The decision not to be open for dinner was a “quality-of-life issue” for The Granola Bar’s 45 employees, Mountain said.
“If we were open for all three meals then people might be getting called in at all hours,” she said. “That would take its toll on marriages and family life. We want to avoid that.”
Families are regular patrons of the restaurant, Mountain said. Meanwhile, The Granola Bar’s marketing manager, Nicole Muto, has helped make the restaurants popular with people of all ages, Mountain said, recruiting young adults through Instagram and a young ambassadors program.
“Instagram is our No. 1 marketing tool and that’s thanks to the young women who use it,” Mountain said. “They bring their friends and their parents to our places.”
Along their busy road, Mountain and Noorily have managed to gain new business partners. Westport-based Trilynx Partners took an undisclosed ownership stake in The Granola Bar earlier this year. That move grew out of the fact the wife of Michael Schwartz, one of Trilynx’s co-founders, is a frequent patron of the Greenwich restaurant, Mountain said.
“From the moment we met Julie and Dana it was clear that their vision expanded far beyond Westport and Greenwich," said Trilynx co-founder Adam Diamond. "We believe there is a white space for a significant player in this category, and Julie and Dana have struck the right chord with the right consumer.”

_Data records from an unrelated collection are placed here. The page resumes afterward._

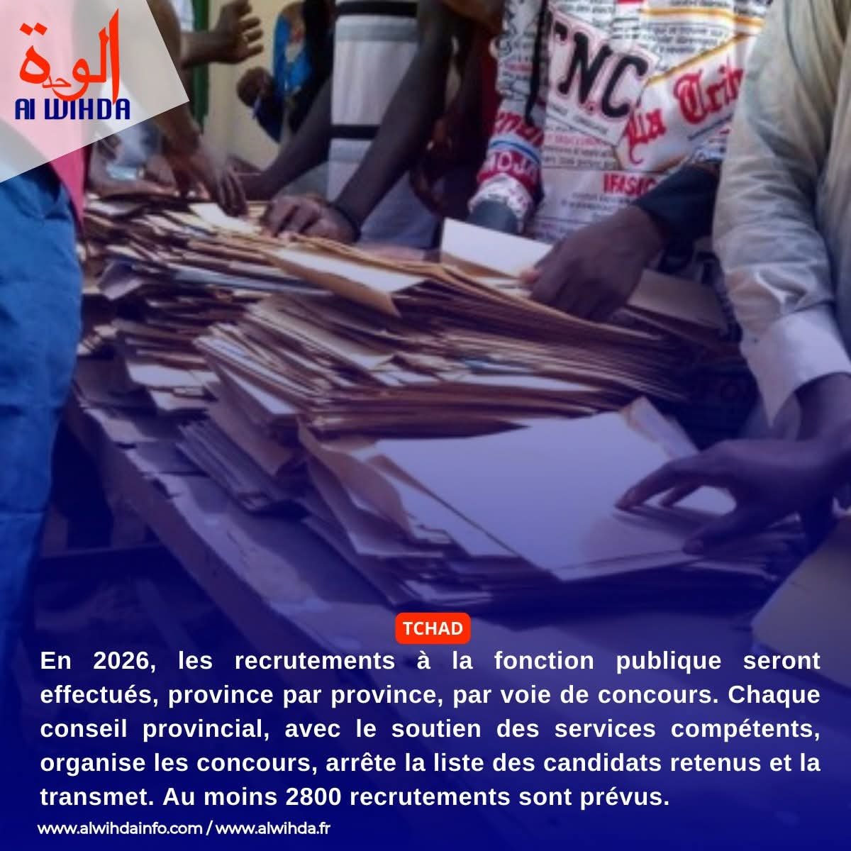#Tchad : En 2026, les recrutements à la fonction publique seront effectués, province par province, par voie de concours. Chaque conseil provincial, avec le soutien des services compétents, organise les concours, arrête la liste des candidats retenus et la transmet. Au moins 2800 recrutements sont prévus. 📌 Recrutements nationaux prévus : - 400 Instituteurs bacheliers ; - 400 Instituteurs adjoints ; - 300 Lauréats de l’Institut national de la jeunesse et des sports ; - 200 Agents du secteur de l’élevage (vétérinaires, ingénieurs techniques, agents techniques) ; - 100 Informaticiens développeurs. Total : 1 400 recrutements nationaux 📌 Recrutements complémentaires prévus dans les provinces : - 400 Instituteurs adjoints (anciens maîtres communautaires) ; - 500 Agents des eaux et forêts ; - 100 Infirmiers Diplômés d’État (IDE) ; - 110 Agents Techniques de Santé (ATS) ; - 100 Sages-femmes Diplômées d’État (SFDE) ; - 50 Pharmaciens ; - 50 Anesthésistes réanimateurs ; - 50 Laborantins (techniciens supérieurs) ; - 20 Radiologues ; - 20 Maintenanciers des équipements médicaux. Total provincial : 1 400 recrutements Il est également prévu des recrutements en remplacement numérique des fonctionnaires et des agents de l'État décédés ou admis à faire valoir leurs droits à la retraite, et des recrutements des agents ayant suivi la formation au sein des forces de sécurité et de défense.
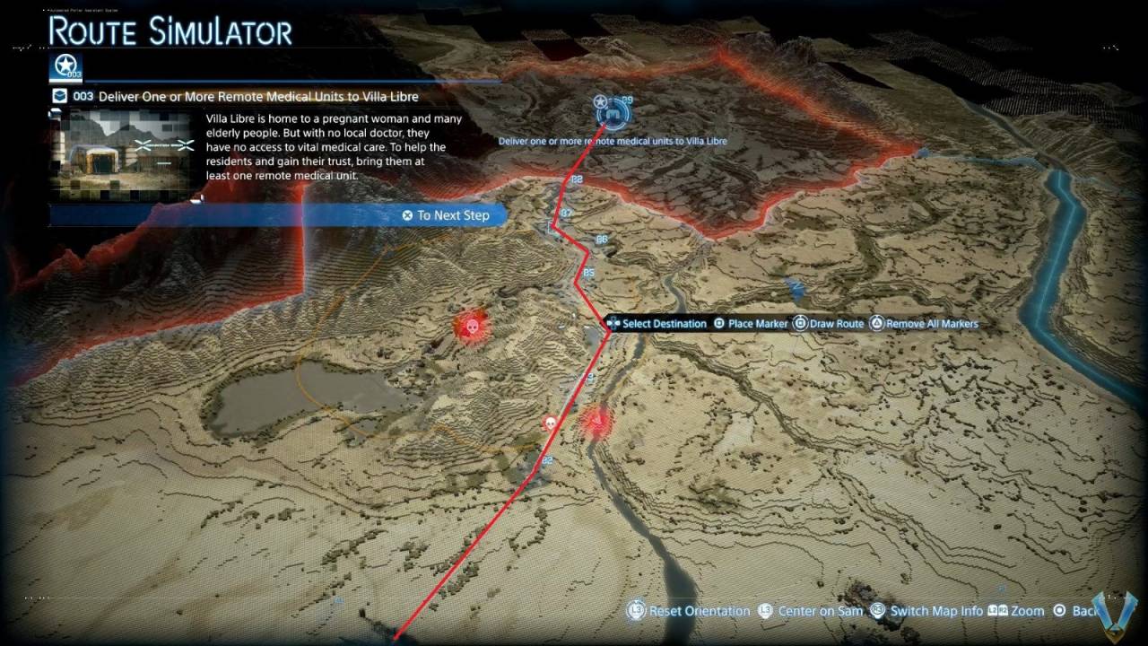 Ваша следующая цель — отправиться в Вилья-Либре. Она расположена на северо-западе от текущего положения, и, судя по карте, между вами и деревней лежит лагерь вооружённых выживальщиков. Когда примете поручение и настанет момент «проложить маршрут», можете воспользоваться нашим вариантом:
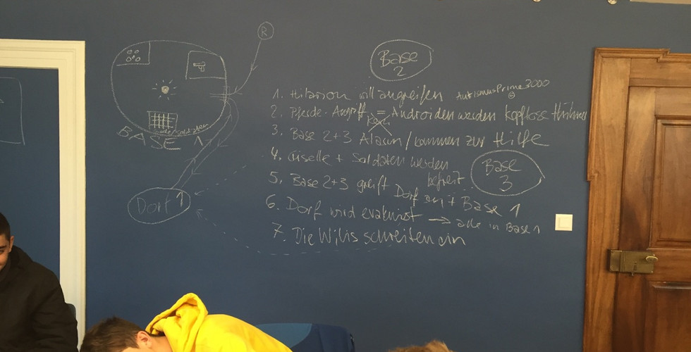 Die Komplexität des Überfalls der Menschenrevolutionäre auf die Homebase der Androiden ist, nun ja, plättend. Doch die Klasse 3Ab bleibt an der Laserkanone und lässt sich durch nichts aufhalten, die Geschichte fertig zu bekommen.
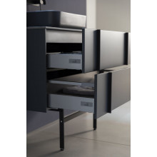 - Выдвижные ящики с металлическими боковыми стенками в цвете серый металлик.
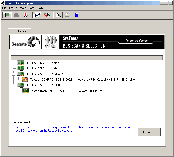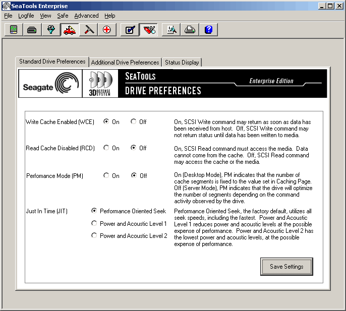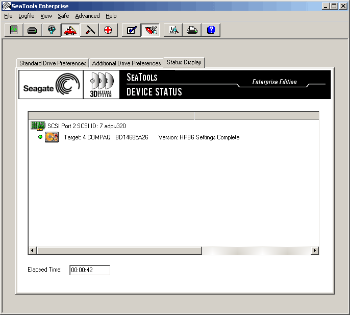 фирменная утилита Seagate Seatools Enterprise, предназначенная для управления параметрами SCSI-накопителей исключительно Seagate, не только прекрасно опознает этот диск (правда, тоже как продукт Compaq), но и позволяет оперировать его настройками прямо как продуктом Seagate, например, изменяя параметры кэширования и Performance Mode (кстати, поставляется этот накопитель HP с отключенным кэшированием записи).
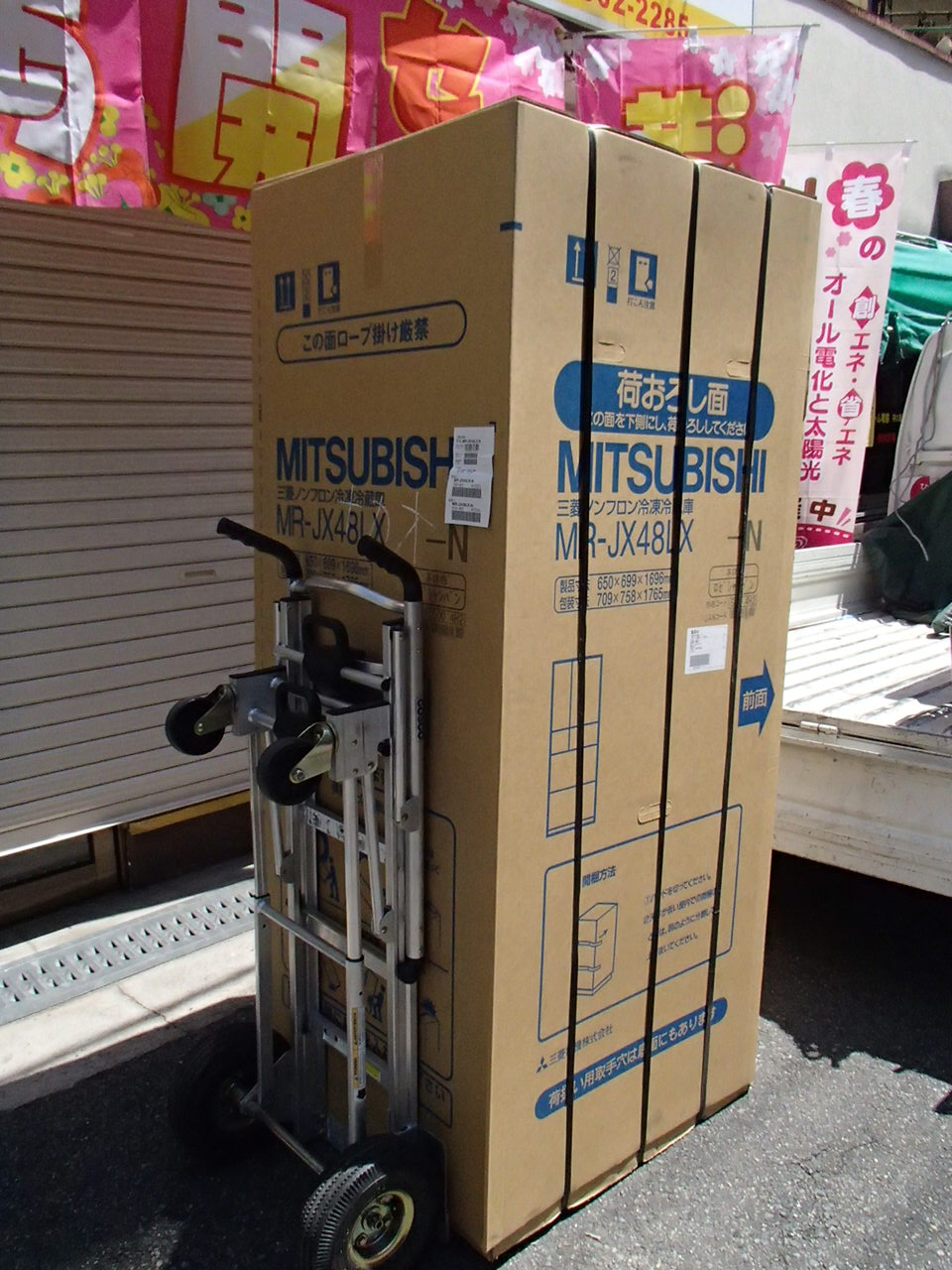 今日はひとりで この冷蔵庫をトラックの荷台に載せます。
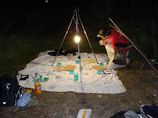 Como se faz: Lençol branco no chão, para ser mais fácil detectar as borboletas. Um apoio para a lâmpada, copos para a captura facilitando a contagem e identificação, depois são libertadas ……
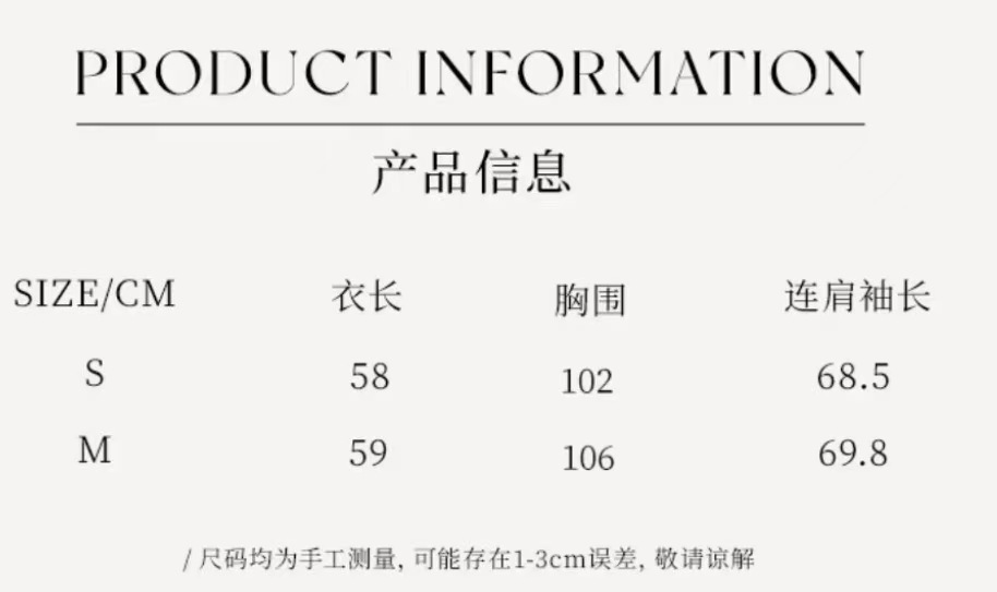 S衣长58cm,胸围100cm,袖长60cm

Trilynx’s experience includes work with hospitality brands owned by Stamford-based Starwood Hotels & Resorts as well as Walt Disney Co.
“We were approached by other investors but it never felt right,” Mountain said. “They (Diamond and Schwartz) are very bright guys and that’s very helpful. They understand our brand and they’re helping us grow in a thoughtful and intelligent way. And we actually like each other. That’s important, too."